# Questions about first time splitboard riding



## sm0ke (Mar 21, 2011)

i went out in an intro to backcountry a couple weeks back with my new splitboard and just had a hell of a time dialing it in. Standing on the board in my garage it really felt like it was my normal stance, but when i got out there it seemed nearly impossible to make turns on it; what i cant figure out is if it was just me being so tired from skinning all day for the first time or if it was the metal plates under my bindings preventing me from really flexing the board

i used the voile DIY kit, goofy rider with angles at 9 and 12 and a wider than normal stance - i was thinking about opening up my stance a bit more to see if that helps but im curious if it just takes some getting used too

i will most likely take it out this weekend to my local hill and just bomb around to really get a feel for it before i go BC again


----------



## linvillegorge (Jul 6, 2009)

Honestly, I'd be willing to bet it was primarily due to dead legs after skinning. There's riding and then there's riding after major hiking or skinning.

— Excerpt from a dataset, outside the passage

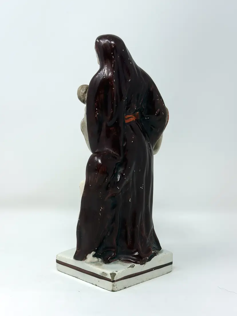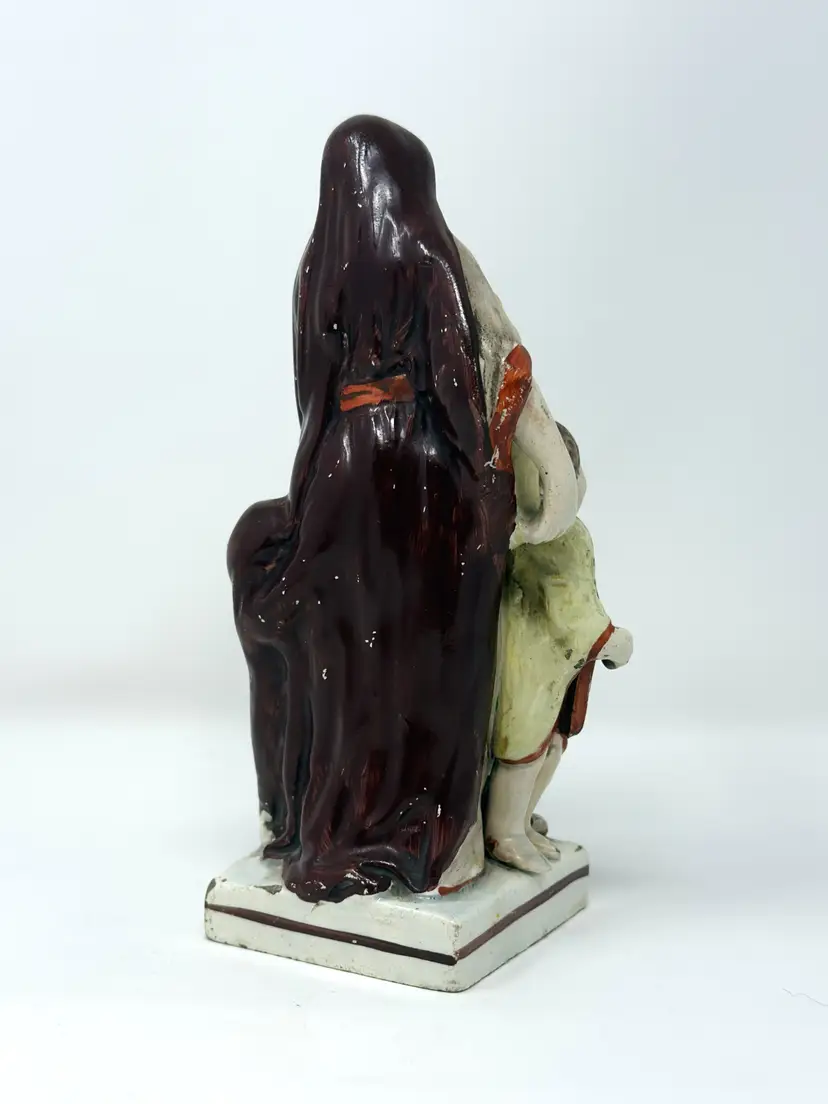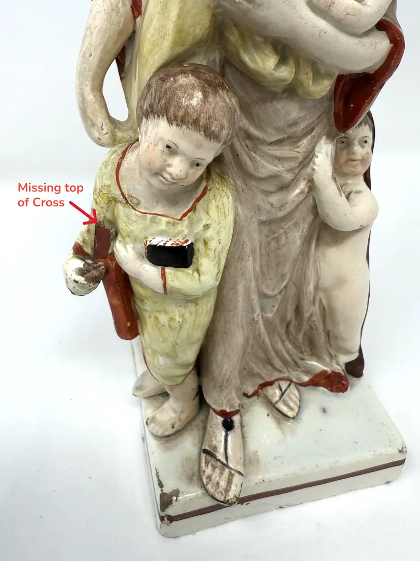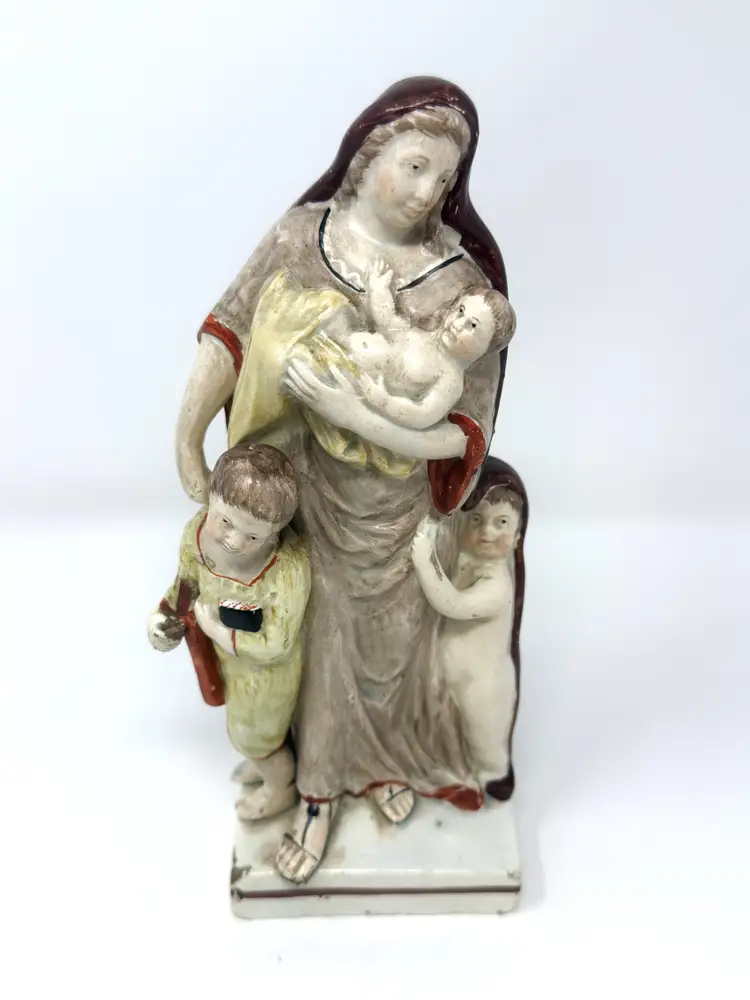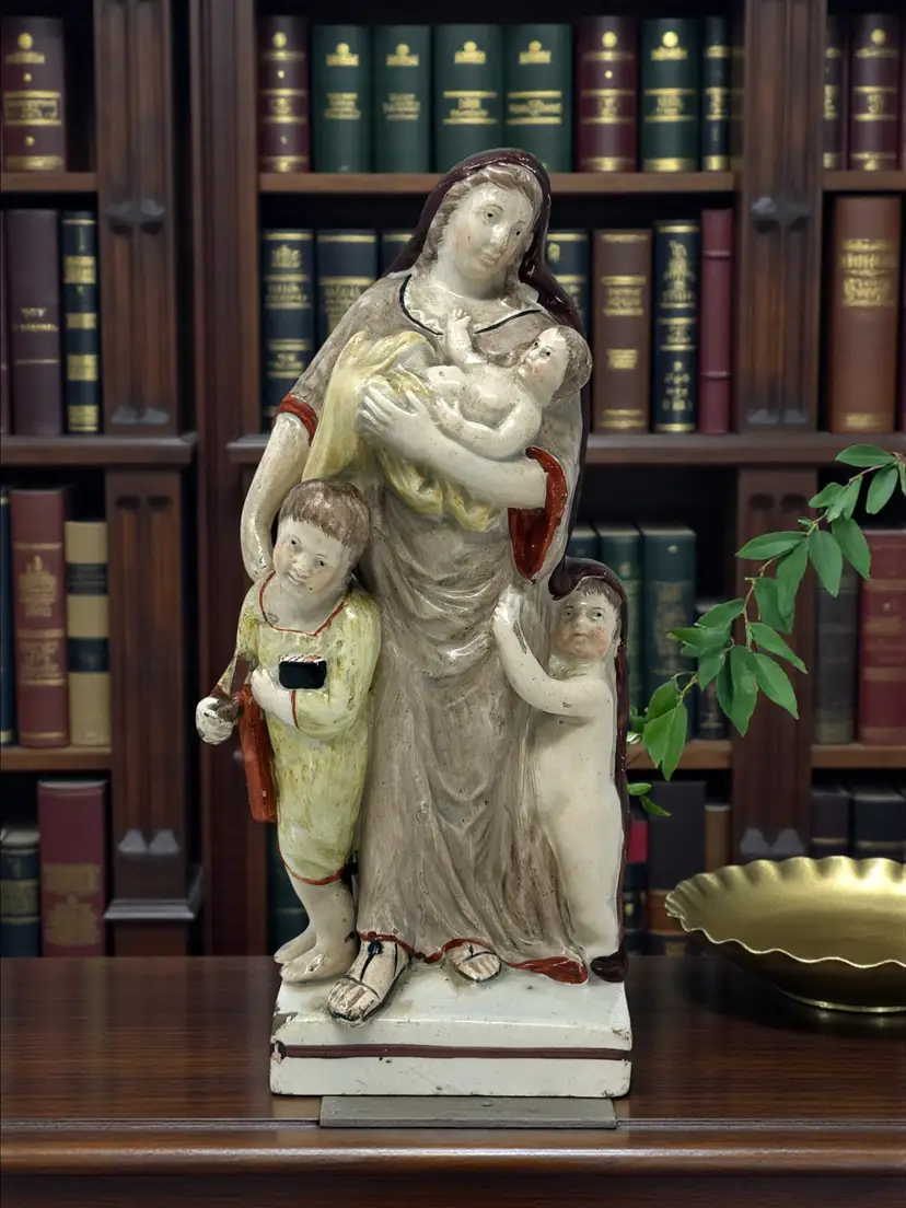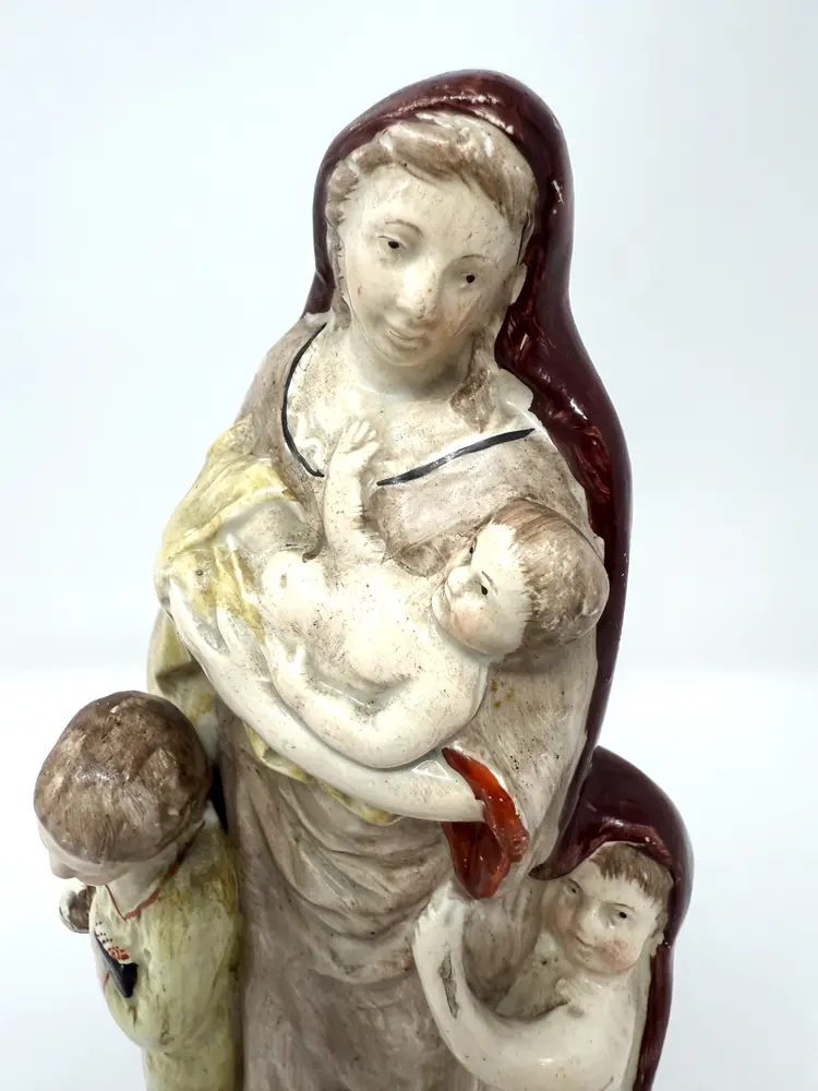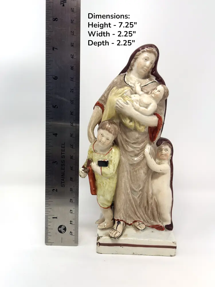DETAILS • Maker: Staffordshire attributed (England) • Markings: Hand‑painted number “76” on base • Origin: Staffordshire, England • Date/Era: Circa 1840–1870 • Material: Glazed earthenware (pearlware) • Color/Finish: Muted cream, brown, ochre, beige with hand painted accents • Weight: 15 oz • Design Style: Victorian, Traditional • Shape & Style Highlights: Flatback figural group with central maternal figure, infant and two children. Hollow, vented base with an unrefined edge. • Condition: ○ Missing top of cross/staff (indicated in photo) ○ No visible cracks or repairs ○ Minor base chips, glaze wear & surface age marks ○ Crazing consistent with age • Noteworthy: Historical allegory of Charity (mother with children) is a classic Staffordshire theme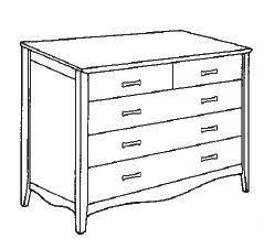 Struttura in multistrato impiallacciato abete con schienali in particelle di legno spessore 8 mm. Cassetti con telaio in abete massello con pannello in multistrato di pioppo impiallacciato abete. Struttura del cassetto in multistrato di betulla spessore 15 mm e fondo in compensato. Guide quadro ad estrazione totale. Profondità 520 mm. Rifinibile con cimasa superiore.

I'd ridden on Voile sliders and haven't noticed a huge difference in terms of riding ability. However, after a few skins up, I'm riding like a flailing fucking idiot. It isn't due to the equipment, it's due to my legs being fucking shot.


----------



## Supra (Jan 11, 2012)

yeah, you've got the right idea. go to a resort and do some runs on it. Bring your tools for adjustments. It's got to be dialed in for when you hit the bc. 
and start walking up every stair you can find to get your legs in shape


----------



## snowvols (Apr 16, 2008)

I think snowolf nailed the problem on the head. When I used to have slider plates I used to HATE the trees. It seemed my board never gave me the desired response. Now that I am rocking some Sparks all of my problems have been solved. They sit much lower on the board than the slider plate and then regular bindings on top of them. If you can get a deal on them locally like on CL do that.


----------



## mjd (Mar 13, 2009)

sparks binders slide right over the pucks and help out a lot with response. also try swapping out the chinese hooks for karakorum clips as this will bring your boards halves together much tighter and add to the performance. my first year splitboarding taught me how out of shape i was. two laps up the mountain and i was toast. so yea, lift-service legs and splitboarding legs are two very different things.


----------



## killclimbz (Aug 10, 2007)

Your legs were probably shot. It takes awhile to be able to do a grueling hike and then turn around and ride right back down it. Good news is that you'll get there fairly quick if you keep splitting. 

Do yourself a favor and get some Spark bindings or go full on with a Karakorum kit. Although Spark is introducing a new interface for next season that looks absolutely amazing. The difference in performance is huge with splitboard bindings, I don't know if that is truly your problem but it will make your life easier. Skinning, weight, power transfer are all better with splitboard bindings. 

K Clips are pretty decent. I am using them on my SL Split and they are pretty great. The thing is torsional wise, Voile Chinese hooks are better. So there is give and take. I guess I am not going back to Voile Chinese hooks on my main ride, so that speaks volumes as to how I like K Clips.


----------



## ShredLife (Feb 6, 2010)

I'm gonna take my k clips off of my sl... I don't like how they hull the board or how tight they pull the sidewalls together... I will save them for a DIY board down the line. Ymmv


----------